Tuesday, June 29, 2010

Case-Shiller Reports Highest Yearly Gain Since 2006

Highlights of today's Case-Shiller report for April home prices:

1. Annual growth rates of all 20 MSAs and the 10- and 20-City Composites improved in April compared to March 2010.

2. The 10-City Composite is up 4.6% from where it was in April 2009, and the 20-City Composite is up 3.8% versus the same time last year (see top two charts).  These two year-to-year improvements were the highest annual percentage gains since September 2006.  

3. 18 of the 20 MSAs and both Composites saw improvement in prices as measured by April versus March monthly changes.

4. The strongest year-to-year price gains were in California, with San Francisco leading the 20 MSAs with an 18% increase from April 2009-April 2010, followed by San Diego (11.7%) and Los Angeles (7.8%).  Strong gains were also reported for Minneapolis (9.5%), Washington D.C. (7.3%), Cleveland (6.8%) and Phoenix (5.5%), see table above (click to enlarge).     

5 Comments:

At 6/29/2010 2:11 PM, Anonymous Anonymous said...

How valid is this in Metro Detroit area. You will find a major city Detroit with thousands of properties changing hands for less than 10k and most of the suburbs are totally diff world. In Novi, Troy,Bloomfields,Birmingham you see properties are worth more than half a million to million dollars easily.

 
At 6/29/2010 2:15 PM, Anonymous morganovich said...

"This is the first monthly increase after six straight declines. David Blitzer, chairman of the index committee at Standard & Poor's, attributed the price increase to the rush of buyers seeking to take advantage of expiring tax credits. Listen to an interview with S&P's Blitzer.

Since the tax credit expired on April 30, other housing data for May has confirmed a sharp decline in activity.

"Prices are likely to follow demand, so we expect this index to trend weaker in coming months," wrote Josh Shapiro, chief economist at MFR Inc., in a note to clients. "

 
At 6/29/2010 2:57 PM, Anonymous gordon gecko said...

Greed is not good.

 
At 6/29/2010 3:19 PM, Blogger Junkyard_hawg1985 said...

Mark,

I am still very skeptical of a rebound in housing. Here are my reasons:

1) This improvement in the average selling price was largely caused by an $8000 tax credit on 47% of the homes bought in April. If someone else is paying $8000 of the price, you are willing to pay more overall. At least this is the argument that you frequently make about healthcare and tuition.

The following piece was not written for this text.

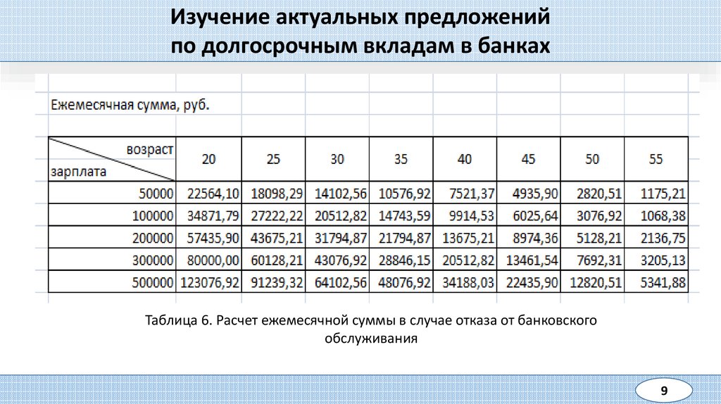 Таблица 6. Расчет ежемесячной суммы в случае отказа от банковского

2) The average selling price of a home is still at 4.3X median household income. While this is a great improvement, it is still above the long term average. Typically for a true secular bear market, it overshoots to reach bottom, not revert to the mean.

http://www.ritholtz.com/blog/wp-content/uploads/2010/06/Median-Prices-v-Income.png

3) There is still significant overhang in the housing inventory. In addition to normal housing inventory (homes for sale), there is significant inventory of unoccupied home held off the market. According to the Census Bureau, the unoccupied rental properties and single homes are near historic highs. This excess inventory must be cleared before a significant long term improvement in home prices can be obtained.

http://calculatedriskimages.blogspot.com/2010/06/obama-house-inventory-june-2010.html

4) The debt to equity ratio on housing in the U.S. is around 200%. Prior to the recession, it had never been over 100%. Historically, the debt-to-equity has been around 67%. The reason the current number is so bad is there is around $10T in mortgage debt on $15T in housing for a net equity aroung $5T. Since about 1/3 of homes are owned free and clear, this means the rest of America owes as much on their homes as they are worth (no net equity). This will have to be corrected before sustainable growth in home prices.

http://endoftheamericandream.com/wp-content/uploads/2010/05/Residential-Mortgage-Debt.png

Based on the length of typical secular bear markets, this should all be cleared out around 2023.

 
At 6/29/2010 3:25 PM, Anonymous Soaring Eagle said...

First, the 20 city CS is not an accurate reading of the real estate market in this country. There are over 40,000 zip codes, and in any zip area you might have some prices going up and some down.

Location is critical and all important. Some of the 20 CS markets are "basket cases" such as Detroit, Miami, Las Vegas and so forth.

They are just not a good gauge but VERY GENERALLY.

Take the NFL, and judge the league by the performance of only 2 teams in the largest 2 cities. What would be ones conclusion on who to "bet on" the following week??